* **DATA TO EXAMINE**:
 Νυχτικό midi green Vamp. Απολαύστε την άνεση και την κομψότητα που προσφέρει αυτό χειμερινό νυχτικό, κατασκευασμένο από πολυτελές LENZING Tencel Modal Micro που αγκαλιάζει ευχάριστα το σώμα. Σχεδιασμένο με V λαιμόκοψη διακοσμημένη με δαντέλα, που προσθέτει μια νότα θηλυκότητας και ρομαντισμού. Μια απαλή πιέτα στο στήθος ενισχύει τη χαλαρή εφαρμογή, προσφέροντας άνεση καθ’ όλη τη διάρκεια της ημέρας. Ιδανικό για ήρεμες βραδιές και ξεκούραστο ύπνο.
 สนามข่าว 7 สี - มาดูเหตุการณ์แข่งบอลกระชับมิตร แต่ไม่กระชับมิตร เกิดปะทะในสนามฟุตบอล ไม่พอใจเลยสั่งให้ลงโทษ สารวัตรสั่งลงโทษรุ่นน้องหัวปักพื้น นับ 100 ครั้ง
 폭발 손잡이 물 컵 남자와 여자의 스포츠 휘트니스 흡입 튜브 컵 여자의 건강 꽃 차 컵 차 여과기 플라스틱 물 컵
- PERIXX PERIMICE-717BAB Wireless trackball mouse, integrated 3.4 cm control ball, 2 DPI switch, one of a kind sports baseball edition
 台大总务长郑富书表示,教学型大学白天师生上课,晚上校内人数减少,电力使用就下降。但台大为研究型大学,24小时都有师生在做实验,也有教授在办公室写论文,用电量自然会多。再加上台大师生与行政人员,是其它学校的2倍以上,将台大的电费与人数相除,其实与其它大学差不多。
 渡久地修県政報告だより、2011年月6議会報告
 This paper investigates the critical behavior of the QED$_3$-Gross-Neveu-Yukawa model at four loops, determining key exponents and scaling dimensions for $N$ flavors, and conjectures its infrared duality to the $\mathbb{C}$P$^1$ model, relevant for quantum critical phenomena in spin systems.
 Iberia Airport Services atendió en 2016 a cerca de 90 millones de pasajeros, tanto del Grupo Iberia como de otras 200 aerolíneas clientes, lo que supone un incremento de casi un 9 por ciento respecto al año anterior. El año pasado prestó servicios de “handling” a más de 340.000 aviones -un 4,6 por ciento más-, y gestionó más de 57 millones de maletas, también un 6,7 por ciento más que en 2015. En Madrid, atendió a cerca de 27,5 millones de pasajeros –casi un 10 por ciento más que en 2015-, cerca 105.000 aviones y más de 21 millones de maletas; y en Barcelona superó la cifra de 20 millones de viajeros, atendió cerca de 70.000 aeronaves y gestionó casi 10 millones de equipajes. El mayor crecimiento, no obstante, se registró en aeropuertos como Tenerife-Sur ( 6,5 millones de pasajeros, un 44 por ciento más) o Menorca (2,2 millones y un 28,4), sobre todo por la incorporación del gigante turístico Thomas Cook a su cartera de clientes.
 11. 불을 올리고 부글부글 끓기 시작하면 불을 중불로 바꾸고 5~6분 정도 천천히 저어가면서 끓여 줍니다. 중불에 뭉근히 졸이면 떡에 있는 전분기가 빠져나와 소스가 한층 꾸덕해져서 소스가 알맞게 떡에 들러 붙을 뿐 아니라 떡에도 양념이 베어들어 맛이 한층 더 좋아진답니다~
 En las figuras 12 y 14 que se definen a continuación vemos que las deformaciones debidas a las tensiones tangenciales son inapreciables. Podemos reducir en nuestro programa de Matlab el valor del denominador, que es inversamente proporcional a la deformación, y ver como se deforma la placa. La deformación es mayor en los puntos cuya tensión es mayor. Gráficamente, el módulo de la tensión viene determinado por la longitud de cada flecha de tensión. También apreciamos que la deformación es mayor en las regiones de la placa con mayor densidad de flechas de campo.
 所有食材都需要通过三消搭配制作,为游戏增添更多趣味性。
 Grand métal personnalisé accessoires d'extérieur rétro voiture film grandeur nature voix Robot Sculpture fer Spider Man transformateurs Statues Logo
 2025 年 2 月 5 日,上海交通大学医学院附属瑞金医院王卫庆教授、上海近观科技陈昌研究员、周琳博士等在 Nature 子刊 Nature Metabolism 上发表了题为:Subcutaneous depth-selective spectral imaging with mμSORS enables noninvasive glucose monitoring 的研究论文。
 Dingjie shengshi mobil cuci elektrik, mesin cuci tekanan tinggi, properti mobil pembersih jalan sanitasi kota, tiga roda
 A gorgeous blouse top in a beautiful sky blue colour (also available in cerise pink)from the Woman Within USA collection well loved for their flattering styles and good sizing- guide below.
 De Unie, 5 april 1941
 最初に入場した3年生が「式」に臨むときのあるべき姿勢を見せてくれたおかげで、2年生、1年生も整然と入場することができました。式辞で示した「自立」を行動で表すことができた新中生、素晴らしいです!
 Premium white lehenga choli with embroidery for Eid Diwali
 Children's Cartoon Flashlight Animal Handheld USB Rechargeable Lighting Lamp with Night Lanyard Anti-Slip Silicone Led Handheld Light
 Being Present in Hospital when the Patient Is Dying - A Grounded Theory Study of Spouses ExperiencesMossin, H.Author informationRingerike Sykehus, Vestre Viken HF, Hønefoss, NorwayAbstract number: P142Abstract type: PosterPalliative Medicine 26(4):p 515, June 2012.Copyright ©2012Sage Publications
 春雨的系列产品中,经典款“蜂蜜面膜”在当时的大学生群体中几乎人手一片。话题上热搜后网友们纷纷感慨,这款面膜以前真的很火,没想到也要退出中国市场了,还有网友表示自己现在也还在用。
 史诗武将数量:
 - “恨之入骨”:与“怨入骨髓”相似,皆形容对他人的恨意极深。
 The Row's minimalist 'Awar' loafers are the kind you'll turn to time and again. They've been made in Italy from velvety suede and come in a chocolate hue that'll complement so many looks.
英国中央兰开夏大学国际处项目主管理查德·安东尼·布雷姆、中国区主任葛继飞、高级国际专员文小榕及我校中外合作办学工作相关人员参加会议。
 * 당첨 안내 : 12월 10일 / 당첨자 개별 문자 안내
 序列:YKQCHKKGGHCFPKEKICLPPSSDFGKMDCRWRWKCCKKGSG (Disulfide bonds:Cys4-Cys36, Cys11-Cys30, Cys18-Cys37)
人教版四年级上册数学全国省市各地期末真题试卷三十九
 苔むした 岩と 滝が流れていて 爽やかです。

* **PROBLEM DETAILS**: Using the listing above, copy exactly the line that contains "Iberia Airport Services", the line that contains "Grand métal personnalisé", and each line that falls between them.

* **ANSWER BELOW**:
 Iberia Airport Services atendió en 2016 a cerca de 90 millones de pasajeros, tanto del Grupo Iberia como de otras 200 aerolíneas clientes, lo que supone un incremento de casi un 9 por ciento respecto al año anterior. El año pasado prestó servicios de “handling” a más de 340.000 aviones -un 4,6 por ciento más-, y gestionó más de 57 millones de maletas, también un 6,7 por ciento más que en 2015. En Madrid, atendió a cerca de 27,5 millones de pasajeros –casi un 10 por ciento más que en 2015-, cerca 105.000 aviones y más de 21 millones de maletas; y en Barcelona superó la cifra de 20 millones de viajeros, atendió cerca de 70.000 aeronaves y gestionó casi 10 millones de equipajes. El mayor crecimiento, no obstante, se registró en aeropuertos como Tenerife-Sur ( 6,5 millones de pasajeros, un 44 por ciento más) o Menorca (2,2 millones y un 28,4), sobre todo por la incorporación del gigante turístico Thomas Cook a su cartera de clientes.
 11. 불을 올리고 부글부글 끓기 시작하면 불을 중불로 바꾸고 5~6분 정도 천천히 저어가면서 끓여 줍니다. 중불에 뭉근히 졸이면 떡에 있는 전분기가 빠져나와 소스가 한층 꾸덕해져서 소스가 알맞게 떡에 들러 붙을 뿐 아니라 떡에도 양념이 베어들어 맛이 한층 더 좋아진답니다~
 En las figuras 12 y 14 que se definen a continuación vemos que las deformaciones debidas a las tensiones tangenciales son inapreciables. Podemos reducir en nuestro programa de Matlab el valor del denominador, que es inversamente proporcional a la deformación, y ver como se deforma la placa. La deformación es mayor en los puntos cuya tensión es mayor. Gráficamente, el módulo de la tensión viene determinado por la longitud de cada flecha de tensión. También apreciamos que la deformación es mayor en las regiones de la placa con mayor densidad de flechas de campo.
 所有食材都需要通过三消搭配制作,为游戏增添更多趣味性。
 Grand métal personnalisé accessoires d'extérieur rétro voiture film grandeur nature voix Robot Sculpture fer Spider Man transformateurs Statues Logo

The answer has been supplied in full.